» **Directions**
Exclude all pictures. Then restate, word for word, the entries from the first line through the line that contains "Видов техпроцессов Intel, помимо".
>>>
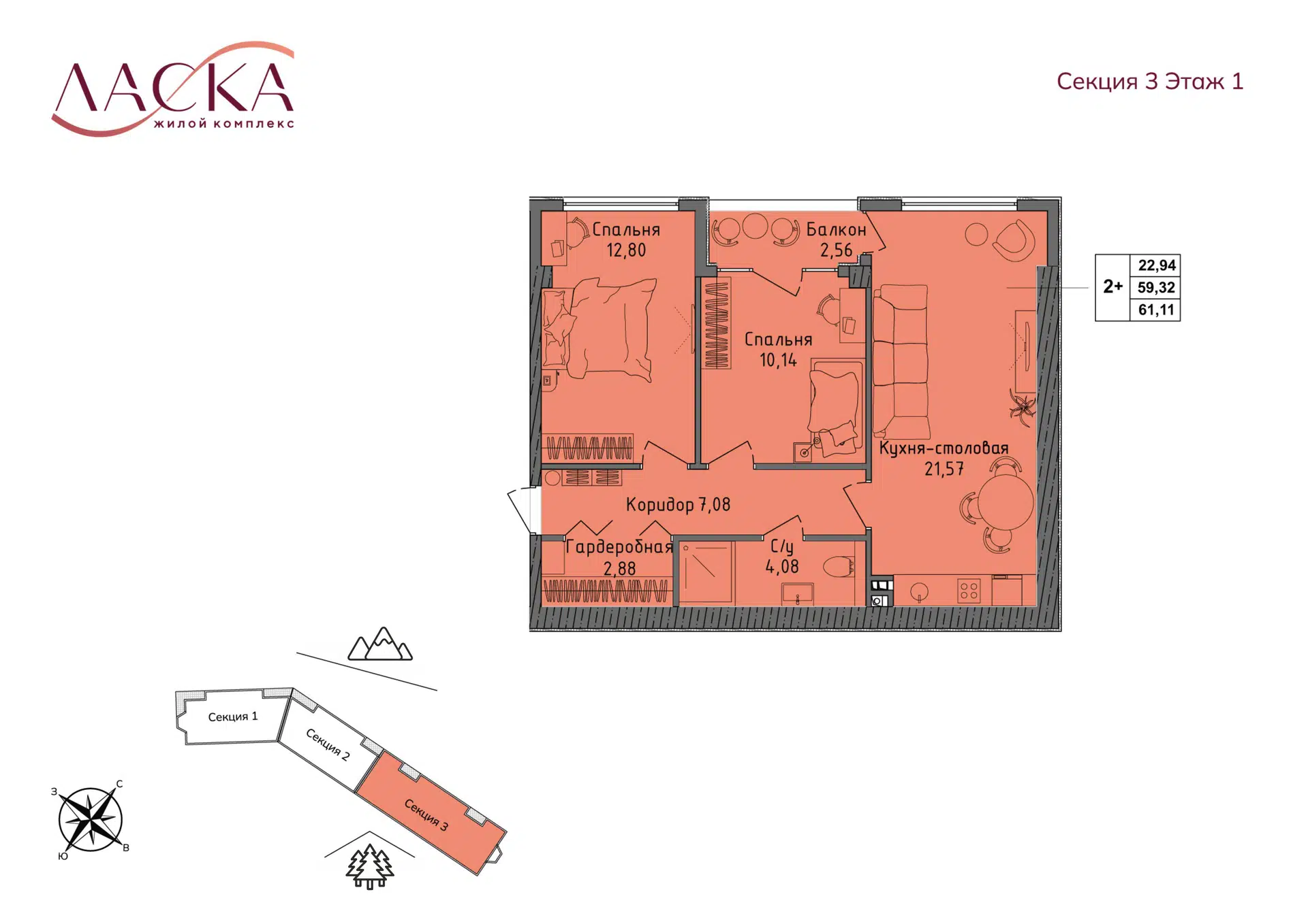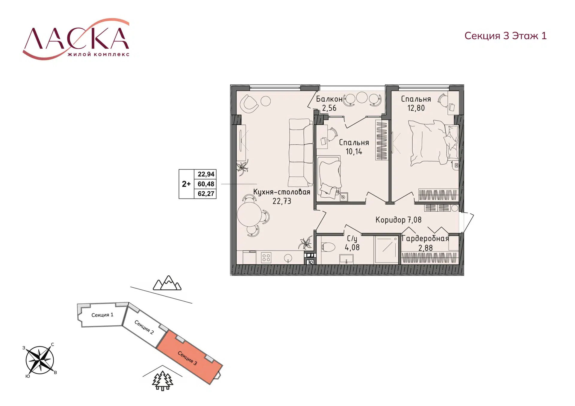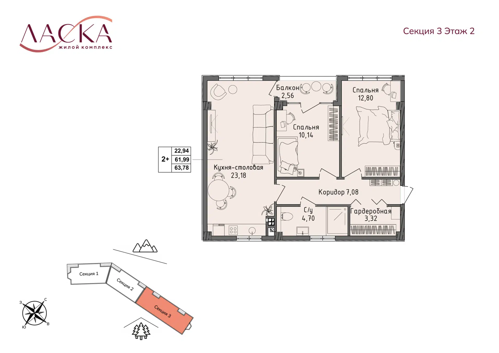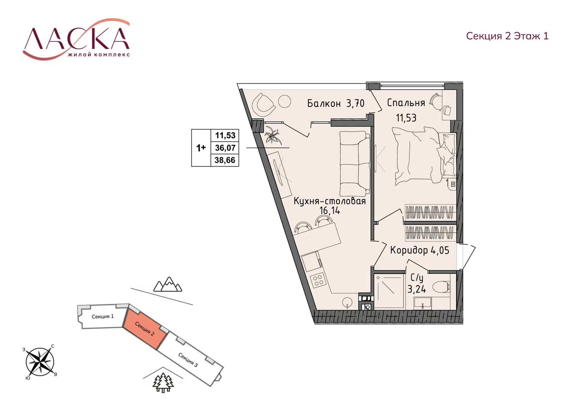 Комплекс предлагает широкий выбор планировок для разных потребностей: сбалансированные студии от 30.24 м², однокомнатные квартиры от 45.81 м² с большими балконами-террасами, просторные двухкомнатные квартиры от 50.15 м² и роскошные угловые трехкомнатные квартиры от 116.89 м² с двумя балконами и двумя санузлами. Жилые пространства спроектированы так, чтобы жители могли наслаждаться красотой Крыма, видами на море и горы, проводя время с семьей и друзьями в уникальной атмосфере у моря.
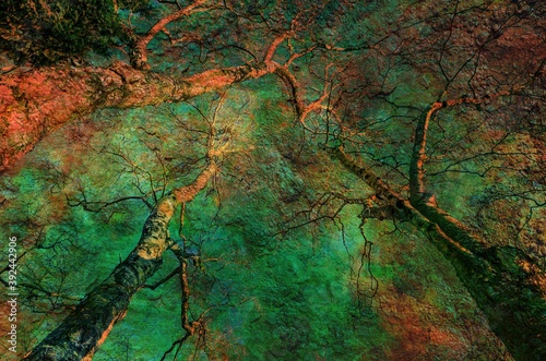 Baumstämme Winter abstrakt Mehrfachbelichtung
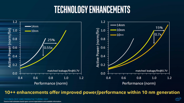 Видов техпроцессов Intel, помимо «простых» 14-нм и 10-нм, уже набралось немало. Каждый этап «взросления» технологической нормы обозначается на презентационных слайдах плюсом. Кульминацией доработки 14-нм нормы станут процессоры Whiskey Lake-U («14++» или даже «14+++»). В свою очередь существующие опытные образцы SoC Ice Lake-U и Ice Lake-Y используют «10+»-нанометровую норму. Эволюция производственных технологий преследует цель улучшить соотношение быстродействия и энергопотребления CPU/SoC с поправкой на потребности рынка в конкретный период.
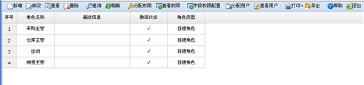 删除 | 删除一个未被使用过的角色,已分配用户的角色删除时,系统会给出相关的提示,确定后仍可删除。 | 该角色未保存过任何操作称为未被使用过。 |
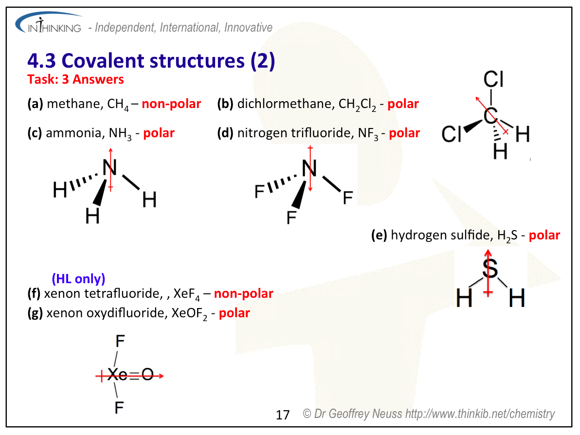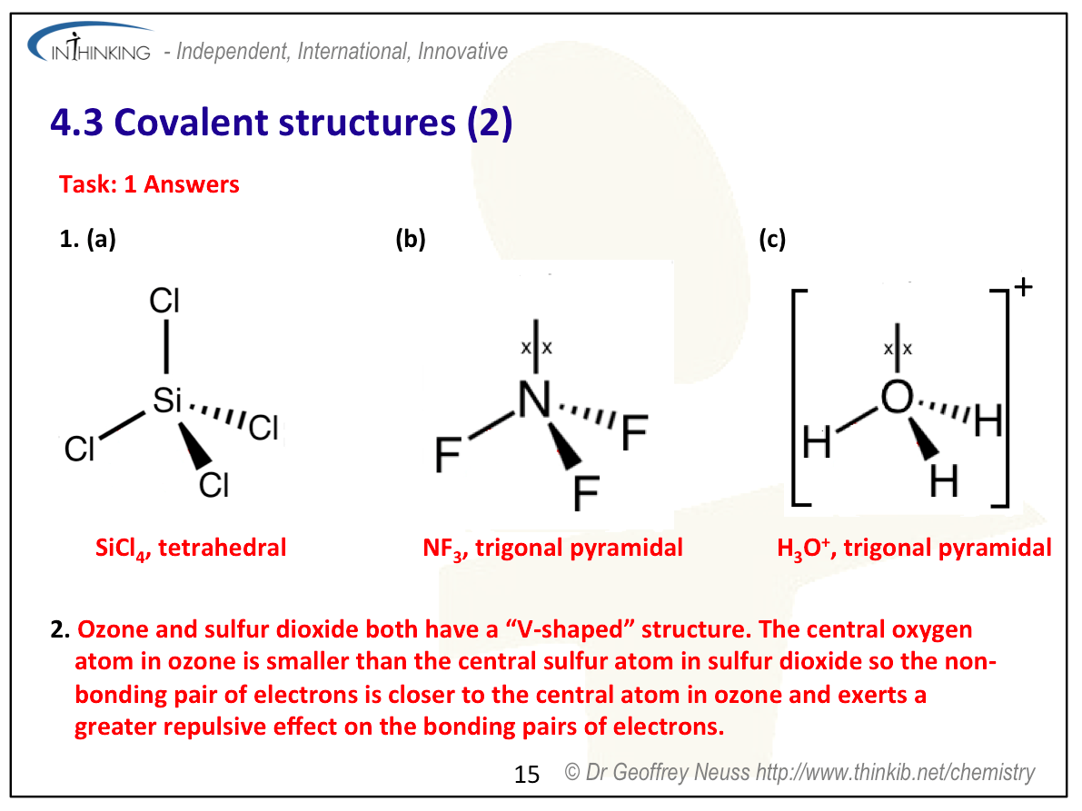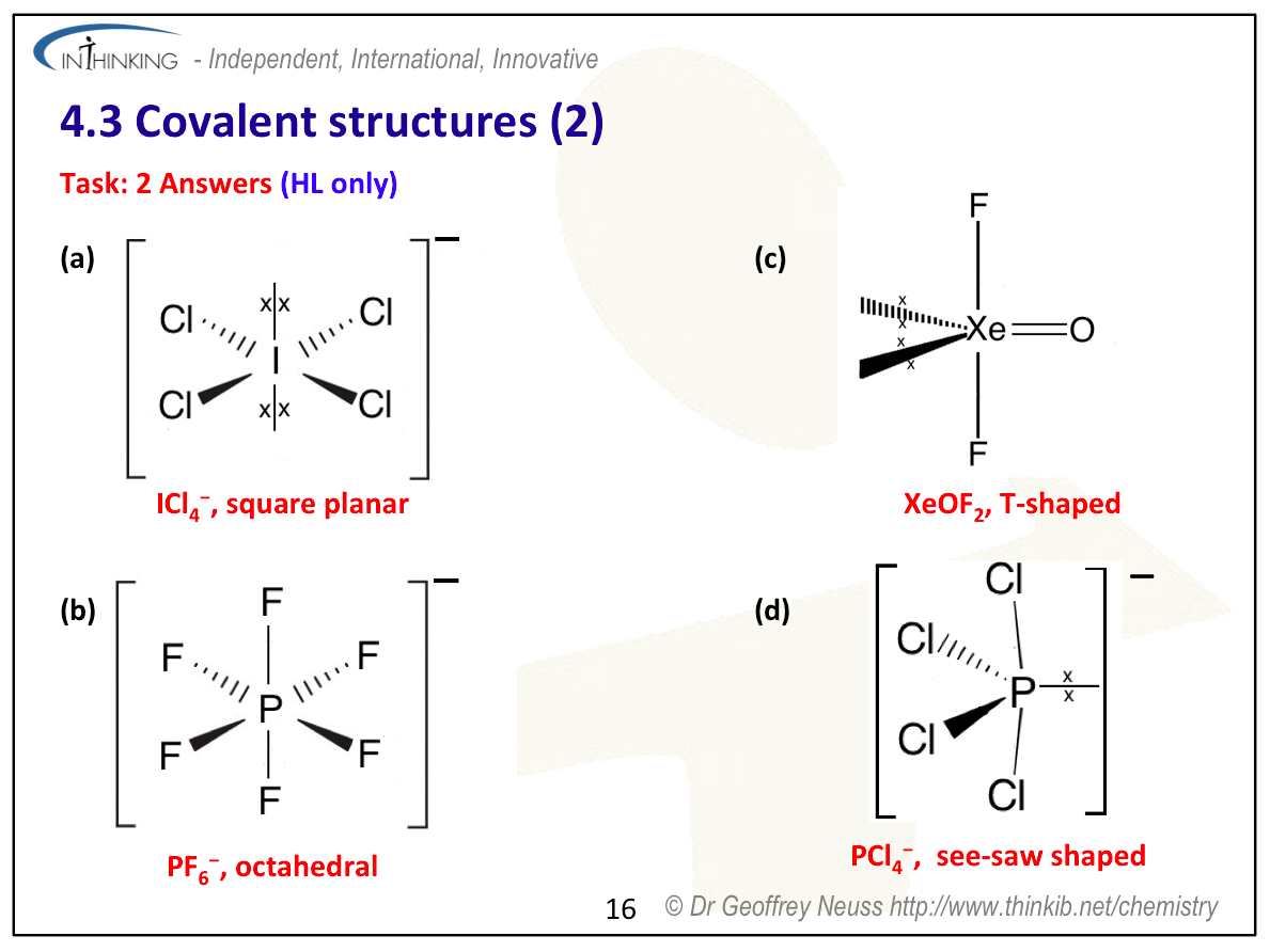 Page 27 QuestionsFor ten 'quiz' multiple choice questions with the answers explained see MC test: Covalent structures (2). For short-answer questions which can be set as an assignment for a test, homework or given for self study together with model answers see Shapes & polarity questions.Vocabulary listelectron domain IM, TOK, 'Utilization' etc.See separate page which covers all of Topic 4 & 14. Practical work
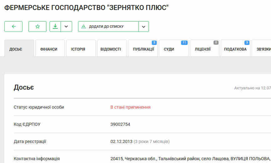 Фермерське господарство «Зернятко плюс», засноване на Черкащині три з половиною роки тому, нині з невідомих причин припиняє свою діяльність.
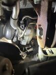 I've got a 2017 Expedition here with the 3.5L V6 EcoBoost where the left drivers side catalytic converter is operating below efficiency... I fear the converter is clogged or at least coated -- but the front inlet and outlet turbo tubes are coated in oil sweat, and it would appear both turbos are leaking coolant at the bottom line too (not a whole lot but you can see a drip, wetness and the classic white stains from dried coolant!)
<<<
» **Answer space**
 Комплекс предлагает широкий выбор планировок для разных потребностей: сбалансированные студии от 30.24 м², однокомнатные квартиры от 45.81 м² с большими балконами-террасами, просторные двухкомнатные квартиры от 50.15 м² и роскошные угловые трехкомнатные квартиры от 116.89 м² с двумя балконами и двумя санузлами. Жилые пространства спроектированы так, чтобы жители могли наслаждаться красотой Крыма, видами на море и горы, проводя время с семьей и друзьями в уникальной атмосфере у моря.
 Baumstämme Winter abstrakt Mehrfachbelichtung
 Видов техпроцессов Intel, помимо «простых» 14-нм и 10-нм, уже набралось немало. Каждый этап «взросления» технологической нормы обозначается на презентационных слайдах плюсом. Кульминацией доработки 14-нм нормы станут процессоры Whiskey Lake-U («14++» или даже «14+++»). В свою очередь существующие опытные образцы SoC Ice Lake-U и Ice Lake-Y используют «10+»-нанометровую норму. Эволюция производственных технологий преследует цель улучшить соотношение быстродействия и энергопотребления CPU/SoC с поправкой на потребности рынка в конкретный период.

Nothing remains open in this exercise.